The study was approved by the ethics committee at Gothenburg University, and the need for written informed consent was waived (#2019-01274). We certify that the study was performed in accordance with the ethical standards laid down in the 1964 Declaration of Helsinki and its later amendments.

Statistical analyses

The percentage agreement (PA) and Kappa were used in the inter-observer comparisons between physicians for the classifications of both focal skeletal/BMU and diffuse BMU. Kappa takes into account chance agreement, and some suggested interpretation guidelines are as follows; values < 0 indicate no agreement, values between 0 and 0.20 indicate slight agreement, values between 0.21 and 0.40 indicate fair agreement, values between 0.41 and 0.60 indicate moderate agreement, values between 0.61 and 0.80 indicate substantial agreement, and values between 0.81 and 1 indicate almost perfect agreement [12].

Focal uptake

Fourteen of the 48 cases were classified as having focal skeleton/BMU by the AI-based method. The majority of physicians classified 7/48 cases as positive and 41/48 cases as negative for having focal skeleton/BMU. The majority of the physicians agreed with the AI method in 39 of the 48 cases. An example can be seen in Figure 1. Six of the seven positive cases (86%) identified by the majority of physicians were identified as positive by the AI method, while the seventh was classified as negative by the AI method and by three of the ten physicians.

Thirty-three of the 41 negative cases (80%) identified by the majority of physicians were also classified as negative by the AI method. In seven of the remaining eight patients, 1-3 physicians (out of the ten total) classified the cases as having focal uptake, while in one of the eight cases none of the physicians classified it as having focal uptake. These findings indicate that the AI method has been developed towards high sensitivity, which is necessary to highlight suspicious uptake.

The pairwise agreement between the ten physicians resulted in 45 unique pairs. The mean PA was 85% (range 79-94%), and the mean Kappa was 0.51 (range 0.25-0.80) between the paired physicians, regarding the presence or absence of focal skeleton/BMU. Examples of different Kappa values can be found in Tables 2-4.

Diffuse bone marrow uptake

The automatic AI calculations of the SUV index, i.e., the median spine marrow uptake/liver, indicated that 32 patients had an index >1.0 (high diffuse BMU), while 16 patients had an index of 1.0 or below (low diffuse BMU). In 33 (69%) cases, most of the physicians agreed with the AI method.
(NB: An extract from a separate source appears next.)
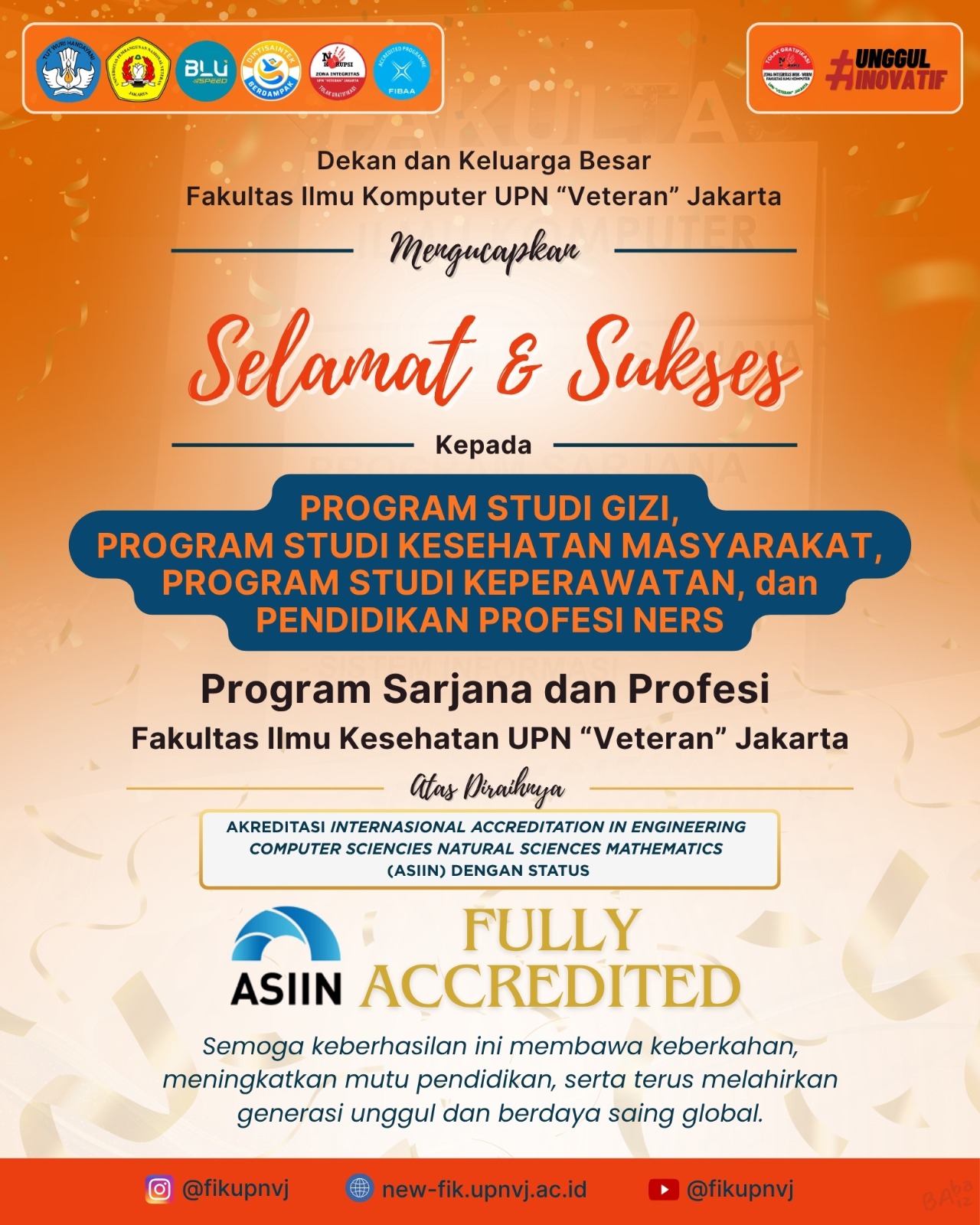 FIK UPNVJ- Fakultas Ilmu Komputer (FIK) Universitas Pembangunan Nasional “Veteran” Jakarta (UPNVJ) mengucapkan selamat & sukses kepada Program Studi Gizi, Kesehatan Masyarakat, Keperawatan, dan Pendidikan Profesi NERS Program Sarjana dan Profesi Fakultas Ilmu Kesehatan UPNVJ atas diraihnya akreditasi International Accreditation In Engineering Computer Sciences Natural Sciences Mathematics (ASIIN) dengan status Fully Accredited. Semoga keberhasilan ini membawa keberkahan, meningkatkan mutu pendidikan, serta terus melahirkan generasi unggul dan berdaya saing global.

In one case, half of the physicians agreed with the AI method, and in 14 cases, most of the physicians disagreed with the AI method regarding high versus low BMU. These 14 cases were classified as low diffuse BMU by most of the physicians (Figure 2).

The agreement between the ten physicians (45 unique pairs) concerning high versus low diffuse BMU resulted in an average PA of 70% (range 21-88%), with a mean Kappa value of 0.41 (range 0.03-0.68).

Figure 4 shows a Bland-Altman plot comparing the AI-automated SUV index calculations versus the manual method regarding high or low BMU. The graph indicates that the AI and the manual SUV index calculations are relatively comparable except for one outlier. This outlier had focal bone marrow involvement predominantly located in L4, why the SUV index with the manual method resulted in a much higher value compared with the AI method that takes into account the SUV_median value in the whole spine bone marrow. Table 5 shows the larger volumes used by the AI method compared with the manual ROI method in the SUV index calculations.

If diffuse BMU is considered a dichotomous variable, i.e., high versus low, then both the AI versus manual methods were in concordance with each other in all cases except in one (SUV index 0.9 with the AI method versus 1.1 with the manual method).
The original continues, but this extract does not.